Web API for User Management
This page describes all Web API operations for user management.
Entities
The user management API is based on the following entities:
User/group
The User/group entity contains both users and groups.
Properties:
- Id (integer): user/group id
- IsGroup (boolean): false for users, true for groups
- LoginName (string): user login name (empty/ignored for groups)
- FullName (string): user/group full name
- Email (string): user/group e-mail address
- Password (string): user password (empty/ignored for groups)
- IsActive (boolean): flag whether user/group is active
- Description (string): user/group description
Role assignment
The Role assignment describes
Properties: - Id (integer): user/group id - ProjectId (integer): project id (optional, means global permission if missing) - RoleId (integer): role id
Membership
Properties: - GroupId (integer): "parent" (container) group id - MemberId (integer): "child" (member) user/group id - RoleName (enumerated string): membership role Supported membership roles: Member, HiddenMember, Administrator.
Role: - Id (integer): role id - Name (string): role name - IsGlobal (boolean): true is role is global, false otherwise - IsProject (boolean): true if role is project-specific, false otherwise Backend should ignore the following fields when updating existing role information: - MaxModels (integer): maximum number of models - MaxEvents (integer): maximum number of events - MaxCaseAttributeTypes (integer): maximum number of case attribute types - MaxEventAttributeTypes (integer): maximum number of event attribute types - MaxTables (integer): maximum number of data tables - MaxTableColumns (integer): maximum number of data table columns - MaxTableRows (integer): maximum number of data table rows
User/group management API methods:
1. api/users GET - gets the list of users/groups Supported query parameters (all optional): - isGroup (boolean): if false, only users are returned, if true, only groups are returned - isActive (boolean): if false or omitted, all users/groups are returned, if true, only active users/groups are returned If no parameters are given, all existing users and groups are returned. Returns array of user/group objects (can be empty if criteria specified by parameters is not matched).
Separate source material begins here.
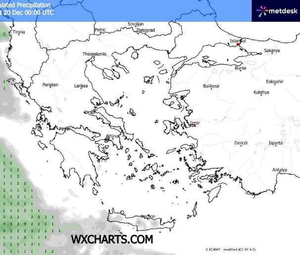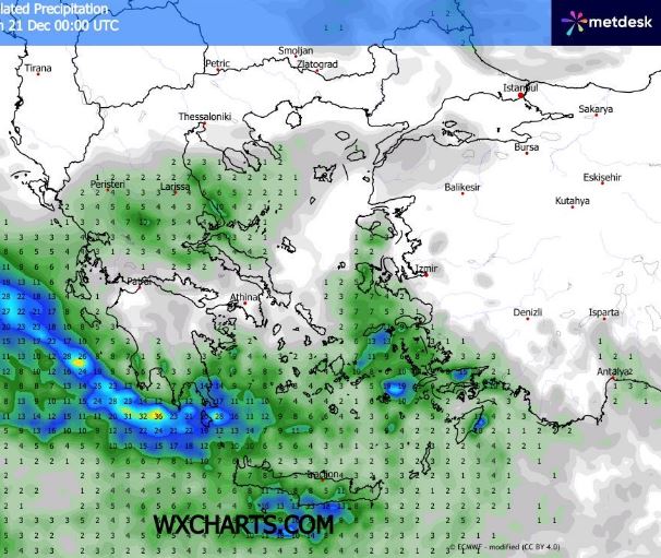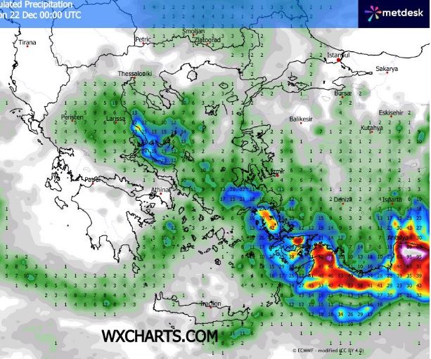 Προβλέπεται στη Θεσσαλία την Ήπειρο την Στερεά Ελλάδα το κεντρικό και βόρειο Αιγαίο τις Κυκλάδες και τις Σποράδες νεφώσεις με σποραδικές βροχές ενώ στα Δωδεκάνησα θα σημειώνονται και σποραδικές καταιγίδες φαινόμενα τα οποία θα διατηρηθούν στα τα διαστήματα έως και αργά το βράδυ. Σταδιακά αργά τη νύχτα θα αρχίσουν να σημειώνονται κάποια φαινόμενα και στη δυτική και κεντρική Μακεδονία αλλά και τη Θράκη. Ασθενείς χιονοπτώσεις θα σημειωθούν κυρίως στα ορεινά τμήματα της Θεσσαλίας της Μακεδονίας και της Θράκης πάνω από τα 1200 με 1400 μέτρα υψόμετρο και πάνω από τα 1500 με 1800 στα υπόλοιπα ηπειρωτικά. Επισημαίνεται ότι τα φαινόμενα θα είναι αξιόλογα στα παραθαλάσσια τμήματα της Θεσσαλίας στα βόρεια της Εύβοιας όπου θα σημειωθούν κατά τόπους και πάνω από 20-25 mm βροχής ενώ θα είναι έντονα σε νησιά του ανατολικού Αιγαίου όπως Σάμο Κω Κάλυμνο Ρόδο Ικαρία Καστελόριζο οπου κατά τόπους θα σημειωθούν και πάνω από 50 mm βροχής.

2. api/users/{id} GET - gets information of the user/group with given id Returns the user/group object (can be null if not found).
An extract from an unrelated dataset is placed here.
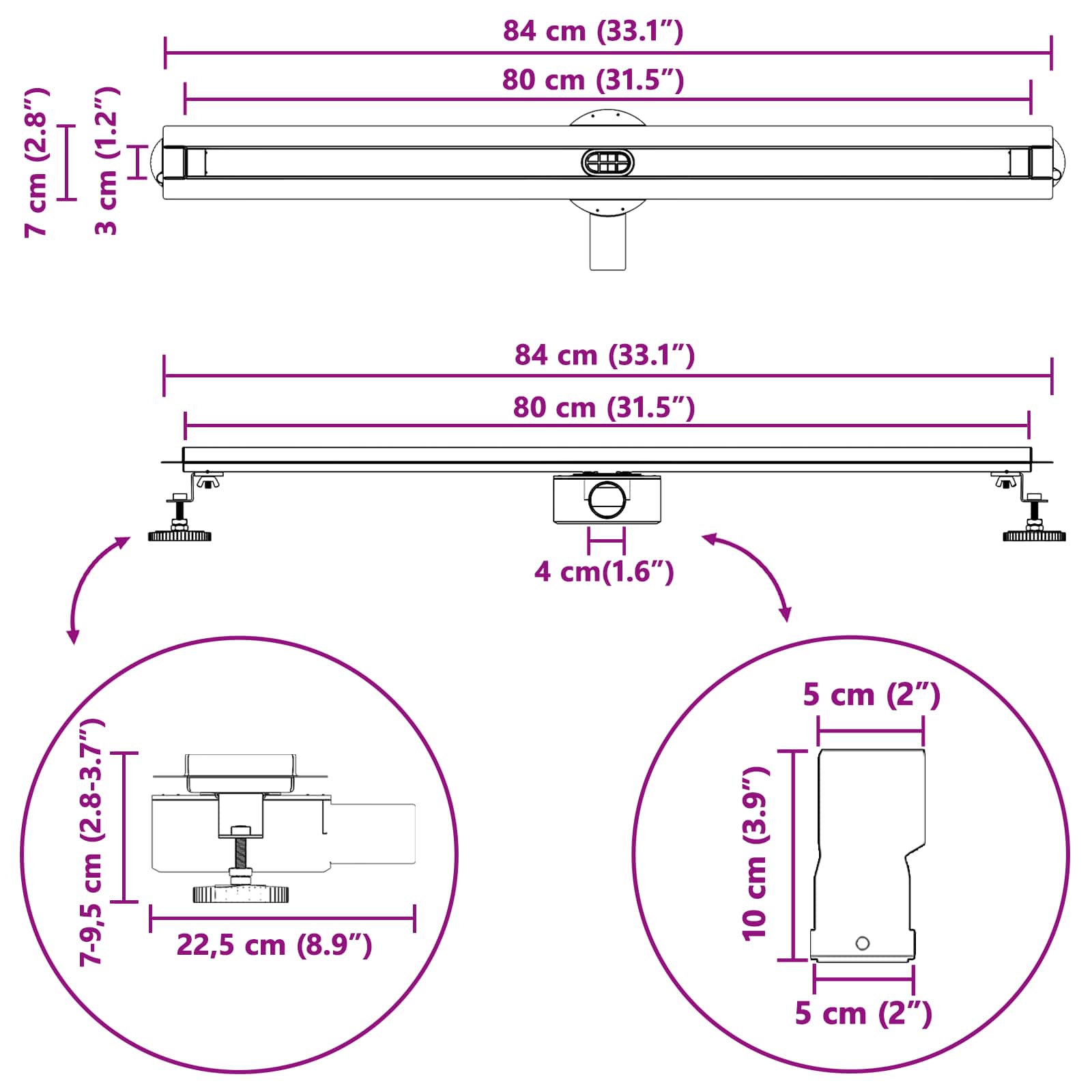• Robustní nerezová ocel: Odtok je vyroben z nerezové oceli, která je známá tím, že vydrží, a zajišťuje dlouhou životnost a elegantní vzhled. Tento materiál nejen dobře vypadá, ale je i hygienický pro vaši koupelnu.

3. api/users POST - creates a new user/group Takes the user/group object in the body (whose id is ignored if specified). Returns id of the created user/group.
4. api/users PUT - updates an existing user/group Takes the user/group object in the body (whose isGroup is ignored if specified).
5. api/users/roleassignments/{id} GET - gets the list of role assignments of the user/group with given id Returns array of role assignment objects.
6. (later) api/projects/roleassignments/{id} GET - gets the list of role assignments of the project with given id Returns array of role assignment objects.
7. api/users/roleassignments PUT - adds a role assignment Takes the role assignment object in the body.
8. api/users/roleassignments DELETE - removes the role assignment Takes the role assignment object in the body.
9. api/users/memberships/{id} GET - gets the list of memberships of the user/group with given id Returns array of membership objects (can be empty if user/group is not member of any group).
10. api/users/memberships PUT - adds a membership Takes the membership object in the body.
11. api/users/memberships DELETE - removes the membership Takes the membership object in the body.
12. api/users/roles GET - gets the list of roles Returns array of all role objects.